I've seen your presentations a couple of times (last time on Devoxx), and I think they are still relevant even to this day. New frameworks are popping up, other ones are dropping from the radar and some are changing drastically (like Play going from Java to Scala). It's a topic that's going to be relevant for quite some time.

There is one little thing that does bother me in those presentations, and that's your fairly obvious bias against JSF. In your talks you e.g. ask who uses JSF, and when a large number of hands show up you always ask who of those likes JSF. Some hands drop then, and you say something like: "See!".

It's a nice trick, but for some reason I've never seen you asking that followup question when it concerns one of the other frameworks. I wonder why that is.

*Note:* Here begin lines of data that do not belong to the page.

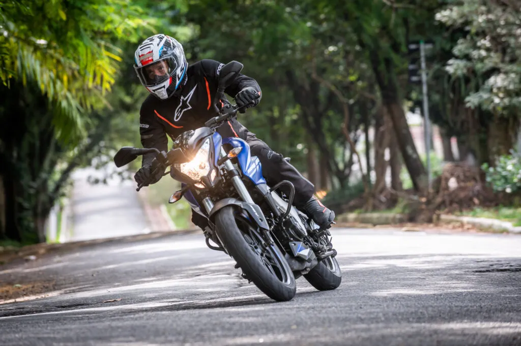 O conjunto mostrou que é capaz de enfrentar o asfalto com bastante harmonia e progressividade, permitindo até uma tocada esportiva com um feedback bastante positivo da moto. É bem perceptível e prazeroso o bom funcionamento da máquina contornando curvas, com estabilidade e segurança acima da média da categoria.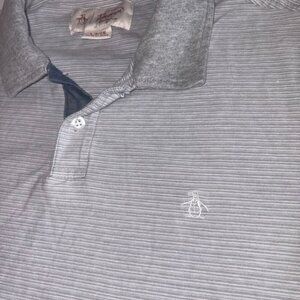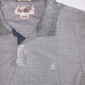 Original Penguin Heritage Slim Fit Short Sleeve Polo Gray White Stripe S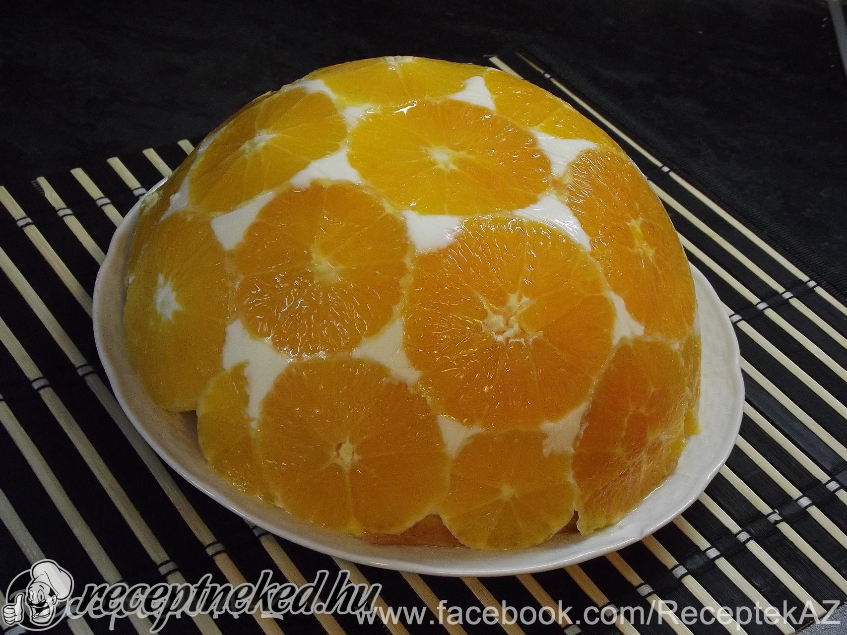 A narancsokat meghámozzuk, kb. 1 cm vastag karikákra vágjuk. Folpack-kal kibélelünk egy tálat (nekünk 2,5 l tál), majd az alját és az oldalát kirakjuk a narancskarikákkal és elkészítjük a túrós-joghurtos tölteléket.

If you are presenting yourself as, more or less, an authority on comparing web frameworks, then having a fairly obvious biased against one of them is just peculiar. I, all of my team, and various clients distrust your ranking of JSF. We do look at your data if the choice is between other frameworks, but as soon as JSF comes into the picture we just look elsewhere.

I'm not really sure where this bias comes from. Yes, JSF 1.0 sucked and 1.2 was only marginally better, but 2.0 is really cool and productive and there are SUPERB component and utility libraries now like PrimeFaces and OmniFaces. As a researcher of this topic I think you should keep up the date and not stick to some old grudge.

Posted by henk on November 07, 2012 at 09:19 AM MST #

[Trackback] In my last post about InfoQ's Top 20 Web Frameworks for the JVM , I received a thought-provoking comment from henk53 : There is one little thing that does bother me in those presentations, and that's your fairly obvious bias against JSF. ... ...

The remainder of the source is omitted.